EU tech regulator backs UK plans for digital tax, despite Trump threats

Margrethe Vestager says EU will also tax tech firms who ‘create value but do not pay taxes’

The European Union’s leading tech regulator has thrown her weight behind the British government’s plans to press ahead with a digital tax despite threats from Donald Trump.

Margrethe Vestager, the EU competition commissioner recently promoted to take charge of Europe’s digital policy as well, said she was a “strong supporter” of national digital taxes in order to advance the chances of an international agreement. She said the EU would revive plans for a digital tax within a year if international efforts to find a solution failed.

“I think it is very important that we keep up the momentum. Because of this very fundamental injustice that most people and businesses pay their taxes and they are competing with businesses who create value but do not pay taxes,” she said in an interview with the Guardian and other European newspapers.

Although not mentioning the UK by name, Vestager backs all EU member states imposing digital taxes, based on the “very, very simple thing that most businesses pay their taxes”.

The transatlantic row over taxing digital companies, such as Facebook, Google and Amazon, burst into the open at Davos this week, when the UK chancellor, Sajid Javid, vowed to press ahead with go-it-alone plans for a UK digital tax, despite threats from the US of punitive tariffs on British car exports.

Earlier in the week, the French president, Emmanuel Macron, a digital-tax champion, agreed to postpone tax plans for one year in order to find a solution through the Organisation for Economic Cooperation and Development. France was also under pressure from Trump, who threatened to slap tariffs on champagne, Roquefort cheese and handbags if the tax went ahead.

French economy minister Bruno Le Maire insisted France has not given in to US pressure and digital companies in France will have to “pay their tax dues”, either via an OECD deal or the French tax.

The head of the OECD, Ángel Gurría, said on Thursday he was hopeful of having a framework that would apply to more than 130 countries drafted by July.

Speaking before Gurría’s latest intervention, Vestager said member states implementing digital taxes would get support from the commission. Trump “decides what he will do and we decide what we will do” she said.
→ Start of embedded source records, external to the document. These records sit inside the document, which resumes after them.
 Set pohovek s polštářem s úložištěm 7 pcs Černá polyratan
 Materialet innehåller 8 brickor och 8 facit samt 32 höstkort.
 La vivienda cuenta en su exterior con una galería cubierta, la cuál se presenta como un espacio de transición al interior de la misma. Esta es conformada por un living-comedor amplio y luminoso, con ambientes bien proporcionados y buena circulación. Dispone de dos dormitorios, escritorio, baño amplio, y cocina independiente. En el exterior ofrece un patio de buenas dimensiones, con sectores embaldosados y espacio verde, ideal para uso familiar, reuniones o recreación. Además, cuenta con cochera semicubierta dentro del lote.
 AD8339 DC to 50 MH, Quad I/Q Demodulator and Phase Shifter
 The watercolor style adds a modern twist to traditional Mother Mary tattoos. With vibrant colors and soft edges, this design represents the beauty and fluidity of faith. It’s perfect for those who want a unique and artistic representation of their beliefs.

But she added that it would be “questionable and wrong” to give up on the prospect of an OECD agreement. Asked when the commission would act in the absence of a deal, she twice referred to a deadline set by the European commission president, Ursula von der Leyen. “It says at the end of this year or beginning of next year,” she said. “That’s the task we’ve been given.”

The EU’s desire to revive digital tax plans could be foiled: an earlier proposal for a 3% levy on internet companies was rejected by a handful of member states, including Sweden, Denmark and Ireland. EU laws on tax can only come into force with unanimous agreement.
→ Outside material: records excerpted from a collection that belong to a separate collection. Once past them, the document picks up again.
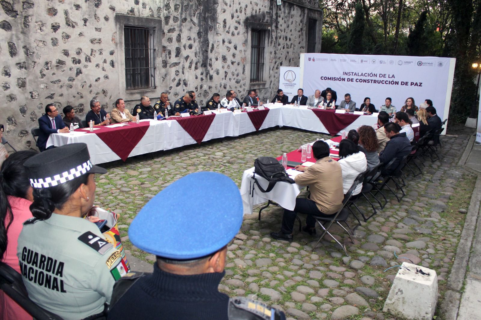 En el evento se reunieron diversas autoridades, de la Secretaría de Mujeres, Secretaría de Seguridad Ciudadana (SSC), Guardia Nacional, Fiscalía General de Justicia, representantes religiosos, grupos de asociaciones civiles, deportistas, directivos académicos y directores generales de la alcaldía, para llevar a cabo la instalación de la mesa de trabajo en favor de la cultura de paz.
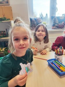 Lekcja biblioteczna w ramach „Klubu Przyjaciół Franklina”18 grudnia w bibliotece odbyła się kolejna lekcja biblioteczna w ramach Klubu Przyjaciół Franklina. Podczas zajęć dzieci wysłuchały bajki pt. „Franklin i prezent świąteczny”, a następnie aktywnie uczestniczyły w pogadance na temat jej treści i przesłania. W dalszej części spotkania dzieci kolorowały bombki, którymi wspólnie ozdobiły naszą biblioteczną choinkę, wprowadzając świąteczny nastrój.
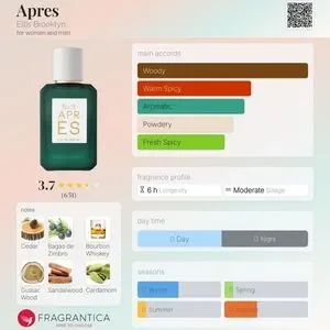 APRÈS opens dewy like first snow and then evolves into a boozy-woodsy brew laced with spices and sweetness. Addictive, compelling and bold, APRÈS is a beautifully structured scent with both strong sillage and longevity.
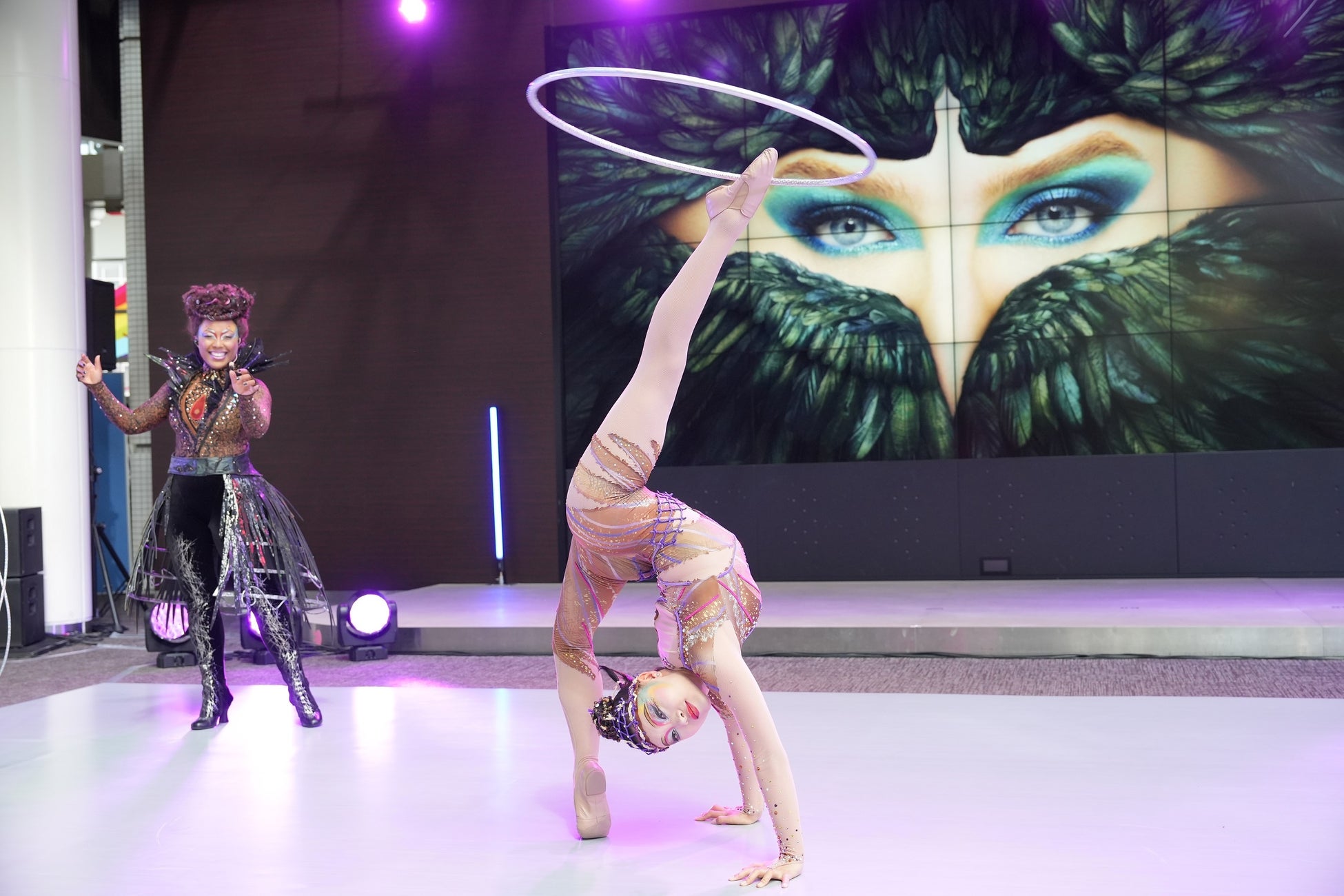 記者発表の冒頭では演目”フラフープ”を披露。アーティストがステージに颯爽と現れ、ステージ上でMr.フルールとシンガーを伴って”フラフープ“のパフォーマンスがスタート。シンガーの歌に合わせて繰り広げられる超人技で客席を魅了しました。
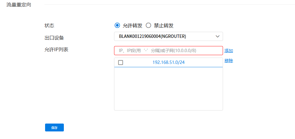 其次,在完成组网之后,进入到流量重定向页面中,配置允许转发,选择出口设备,这些设备是该组中其他设备,不是本机设备

“When it comes to taxation there are no guarantees,” Vestager said, but added she was “not completely pessimistic”, citing 14 laws agreed by the EU in five years to clamp down on tax avoidance.

The Danish Liberal party politician, who won plaudits for forcing Apple to pay unpaid taxes and fining Facebook for misleading the regulators, started a five-year term last month as one of three European commission first vice-presidents.

A former government minister, she failed in her bid to become European commission president, as Europe’s centre-right and centre-left forces preserved their dominance in divvying up the EU’s premier positions. Vestager said it took her “between 20 and 30 seconds” to digest not getting the top job, which went to Germany’s centre-right defence minister Ursula von der Leyen.

Vestager said she was successful in one of her main targets: having a woman run the EU executive for the first time. “The fact that it wasn’t me, I couldn’t help it. So would it bring me something good to grinch about it? Conclusion after 30 seconds: no.”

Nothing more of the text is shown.